Standard preprocessing procedures were performed using SPM8 (Statistical Parametric Mapping software, SPM: Wellcome Department of Imaging Neuroscience, London, UK; http://www.fil.ion.ucl.ac.uk/spm/) implemented in Matlab 7.7 (The Mathworks) following the signal processing pipeline developed by Mantini et al. (2011).

Functional images were slice‐time corrected to the middle slice (reference slice = 25), spatially realigned to the first image in the time series, normalized to the standard EPI template in Montreal Neurological Institute (MNI) space, and resampled into 3 mm isotropic voxels (Friston et al., 1995). Spatial smoothing was not applied in order to avoid introducing artificial local spatial correlations (Achard et al., 2006; Achard and Bullmore, 2007; Salvador et al., 2005). During fMRI data preprocessing, we quantified for each participant the root mean squared variance (rmsvariance) of head motion, on the basis of the head motion realignment parameters (Ebisch et al., 2011). Average subject rmsvariance of motion was 0.08 mm (SD = 0.05). No subject was characterized by movement larger than 0.3 mm during fMRI scanning.

Region Definition

Candidate ROIs were generated in an unbiased manner from a separate task‐related fMRI data set (Beets et al., 2013) of young (n = 26, range =17–27 years; mean = 21.15 years; SD = 2.33; 14 females) and older adults (n = 21, range = 60–80 years; mean = 69.02 years; SD = 1.98; 11 females). This study explored age‐related differences in motor activation while subjects performed the same bimanual visuomotor task used in our study. The main BOLD contrast of interest was bimanual visuomotor task performance vs baseline condition (no movement) in young and older adults. Young and old z‐score maps from the task‐based fMRI study were combined to find overlapping ROIs by means of a conjunction analysis [young (bimanual visuomotor task > baseline) ∩ old (bimanual visuomotor task > baseline)] (Nichols et al., 2005). The statistical threshold was set to P < 0.05 FWE corrected for multiple comparisons and a cluster size minimum of 20 voxels.

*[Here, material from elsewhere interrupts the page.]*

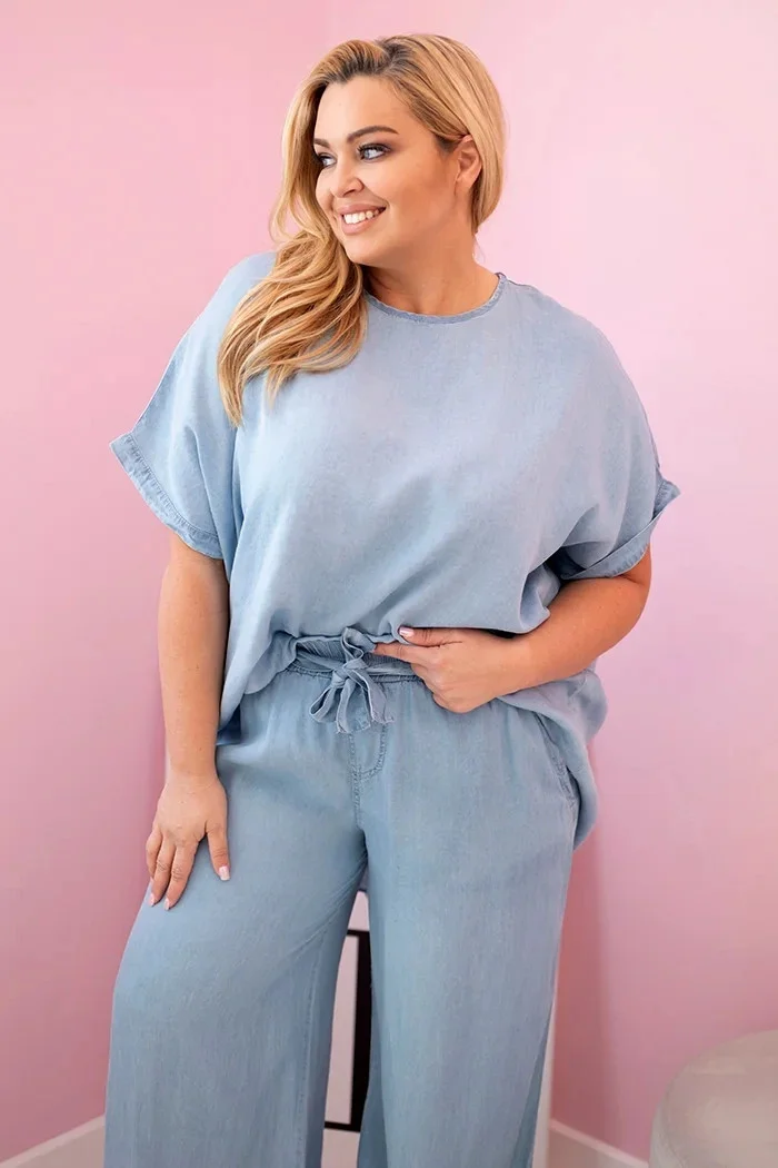 Štýlová a pohodlná dámska súprava Plus Size z prírodného tencelu je ideálnou voľbou na letné a každodenné outfity. Súpravu tvorí voľná blúzka s asymetrickým strihom a nohavice so širokými nohavicami a ozdobným zaväzovaním v páse. Tkanina tencel je mäkká, priedušná a príjemná na dotyk - zaručuje pohodlie aj v tých najhorúcejších dňoch. Voľný strih a elastický pás zaručujú, že súprava dokonale sedí na postave Plus Size, zvýrazňuje prednosti postavy a zakrýva nedostatky. Skvelá voľba na každý deň, dovolenku, do práce alebo na neformálne stretnutia s priateľmi. Model určený pre dámy nosiace veľkosť Plus Size - odporúčané veľkosti XL, XXL, XXXL a väčšie. Vlastnosti výrobku: - Veľký strih, ktorý je vhodný na nosenie, je vhodný na nosenie, na nosenie, na nosenie, na nosenie, na nosenie, na nosenie, na nosenie, na nosenie: Střih: voľný, oversize Štýl: ležérny, mestský, dovolenkový Tkanina: 100 % tencel - priedušná, mäkká a ekologická Blúzka: asymetrická dĺžka, okrúhly výstrih, spadnuté rukávy Nohavice: široké nohavice, elastický pás so zaväzovaním, bočné vrecká Pohodlná súprava ideálna na leto Vyrobené v Taliansku Nižšie uvedené miery sú merané na plocho +/- 1 cm Na zistenie obvodu vynásobte šírku krát 2 Zloženie materiálu: materiál: 100 % Tencel Rozmery: Rozmery: 1,5 × 2,5 × 3,5 cm: Šírka v podpazuší: 76 cm Celková dĺžka: 71 cm (vpredu) / 88 cm (vzadu) Nohavice: Šírka v páse: 39 cm (neroztiahnuté) / 59 cm (roztiahnuté) Šírka v oblasti bokov: 62 cm Celková dĺžka: 101 cm Dĺžka od rozkroku: 70 cm

To define regions for our resting state connectivity analysis, we chose the peak voxel with the highest z‐score (z ≥ 4.69) in the positive group analysis. Our ROIs were composed of 6‐mm radius spheres centered on these peak voxels and were created using the MarsBAR toolbox (http://marsbar.sourceforge.net). The size of the spheres was selected to ensure that they contained voxels that were significantly activated in all cases. We defined the following a priori ROIs: supplementary motor area (SMA); middle cingulate (MCC); dorsal premotor area (PMd: R, L); ventral premotor area (PMv: R, L); primary motor cortex (M1: R, L); dorsal primary somatosensory area (S1d: R); ventral primary somatosensory area (S1v: R, L); and somatosensory association area (SAA: R). Regions, coordinates and peak z‐scores are listed in Table 1.

Table 1.

Regions defined for the resting state motor network

Area Hemisphere x y z z‐score
Movement>baseline
Supplementary motor area (SMA) bilateral 2 −8 52 5.64
Middle cingulate(MCC) bilateral 2 8 46 5.15
Dorsal premotor area (PMd) R 34 −4 62 5.12
L −28 −22 64 5.62
Ventral premotor area (PMv) R 32 −8 52 5.79
L −26 −8 54 5.39
Primary motor cortex (M1) R 34 −32 62 5.74
L −42 −22 54 6.09
Dorsal primary somatosensory area (S1d) L −40 −42 60 4.99
Ventral primary somatosensory area(S1v) R 36 26 46 6.53
L −30 −30 48 6.19
Somatosensory association area (SAA) R 14 −60 60 4.92
graphic file with name HBM-35-3945-g005.jpg

Regions obtained after a conjunction analysis (young ∩ old) from a task‐based fMRI study, P FWE < 0.05, z ≥ 4.69. Spheres of 6‐mm radius centered on z‐peak voxels. R, right; L, left; A, anterior.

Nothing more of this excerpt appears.